Virus classification
- (unranked): Virus
- Realm: Riboviria
- Kingdom: Orthornavirae
- Phylum: Kitrinoviricota
- Class: Alsuviricetes
- Order: Hepelivirales
- Family: Hepeviridae
- Subfamily: Orthohepevirinae

= Orthohepevirinae =

Subfamily of viruses

Orthohepevirinae is a subfamily of viruses assigned to the family Hepeviridae. Viruses in the subfamily, called orthohepeviruses, have virions that are characterized by round, non-enveloped and isometric capsids with a diameter of 27–34 nm.
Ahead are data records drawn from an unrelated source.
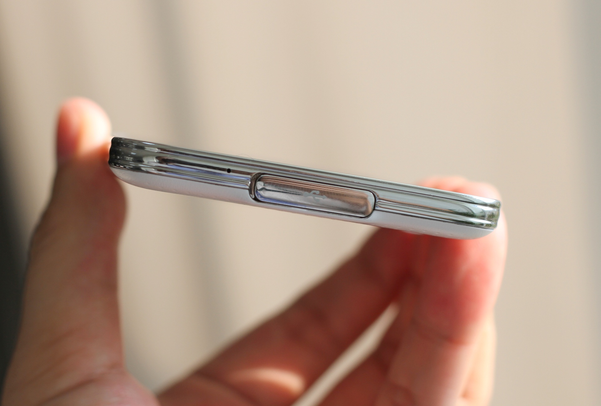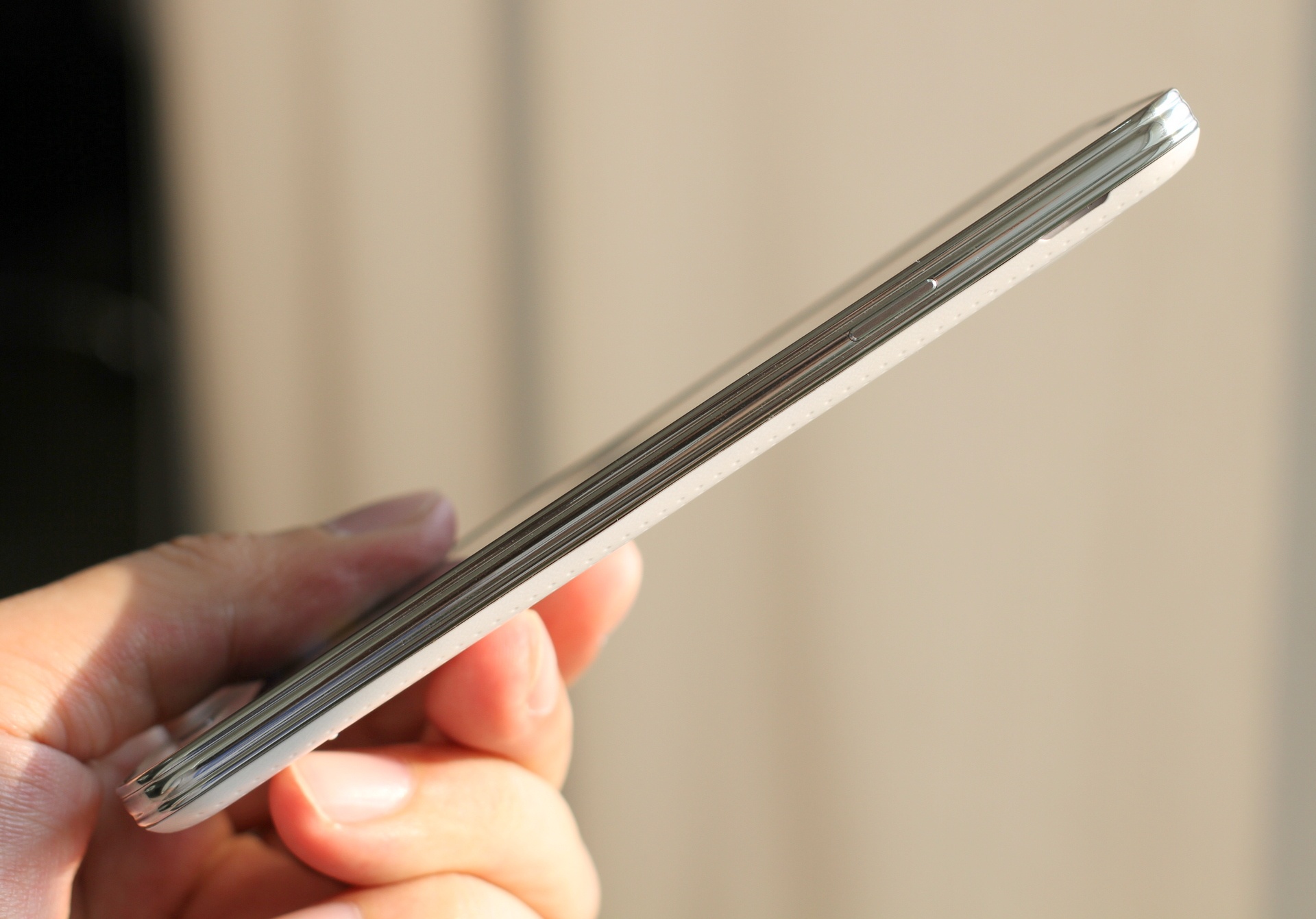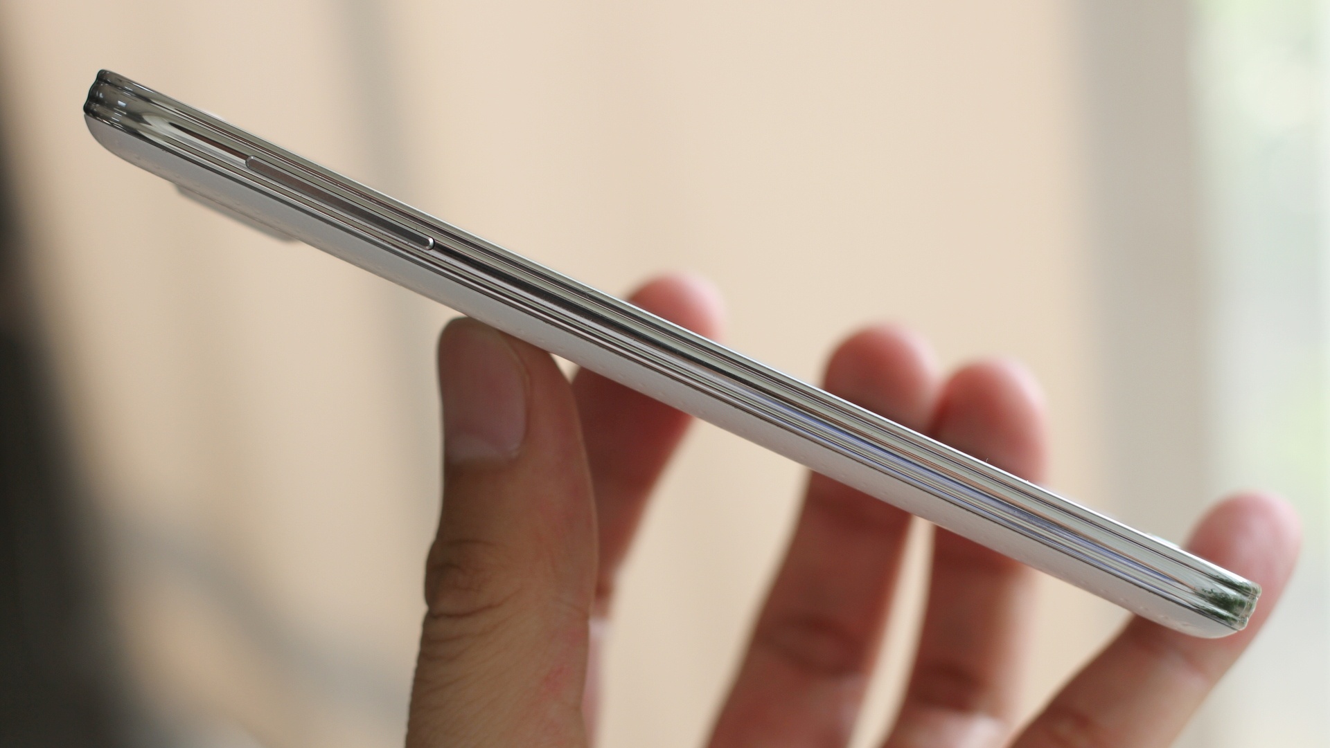 | Cạnh trái thiết bị. Hãng này sử dụng một đường viền mạ kim loại bao quanh với các đường chìm lớn hơn Note 3. |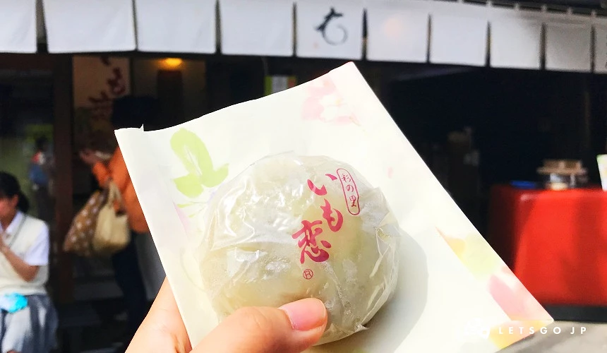 另一個來川越必吃的街邊小吃就是這個「芋戀」(いも恋)了,「芋戀」的外皮使用山藥粉和白玉粉製成,Q軟有嚼勁,裡面包上滿滿紅豆泥跟整塊地瓜,三重口感吃起來很豐富!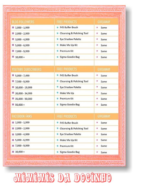 Agora para conseguir produtos da Sigma Beauty para sorteio ficou mais difícil. Somente serão aceitos blogs com quantidade de seguidores superior a mil! Pois é, também fiquei triste, haha.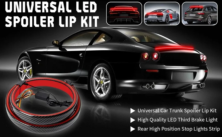 120 см 130 см Красочный светодиодный автомобильный спойлер Светильник Универсальный автомобильный сигнал поворота Стоп светильник Автомобильный багажник губа гонки Tun углеродное волокно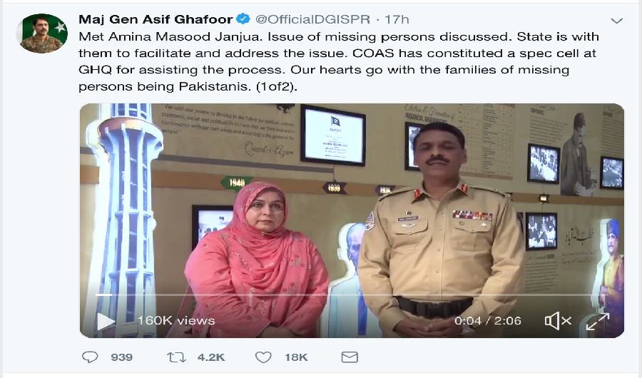 “Met Amina Masood Janjua. Issue of missing persons discussed,” army spokesman Maj Gen Asif Ghafoor said in a Twitter post. “State is with them to facilitate and address the issue. COAS [chief of army staff] has constituted a spec cell at GHQ [general headquarters] for assisting the process. Our hearts go with the families of missing persons.”

The hepatitis E virus belongs to this subfamily as the species Paslahepevirus balayani.

==Genome==
Orthohepeviruses have RNA genomes of 7176 nucleotides in length and infect vertebrates. Additionally, the genome is monopartite, linear, and single-stranded. The genome is 5' capped with a poly A tail at the 3' end. The genome possesses three main open reading frames. The first encodes non-structural proteins, the second encodes the capsid proteins, and the third encodes a small, multifunctional protein.

==Hosts==
Viruses from this subfamily have been isolated from a variety of mammals (including rodents, mustelids and bats) as well as birds. At least three variants of avian hepatitis E virus have been isolated from birds.

==Evolution==
One study has suggested that hepeviruses may have originated in birds and then spread to bats and other mammalian species.

==Taxonomy==
The subfamily contains the following genera:
- Avihepevirus
- Chirohepevirus
- Paslahepevirus, which contains Hepatitis E virus
- Rocahepevirus

==History==
Hepatitis E was first isolated in 1990. It was thought to be restricted to humans until 1997 when it was isolated from pigs. The first isolation from birds was in 2001.

The subfamily shares the name (Orthohepe-) of the former genus Orthohepevirus. This genus was abolished and orthohepeviruses were promoted to the rank of subfamily in 2022 with the establishment of the subfamily that year.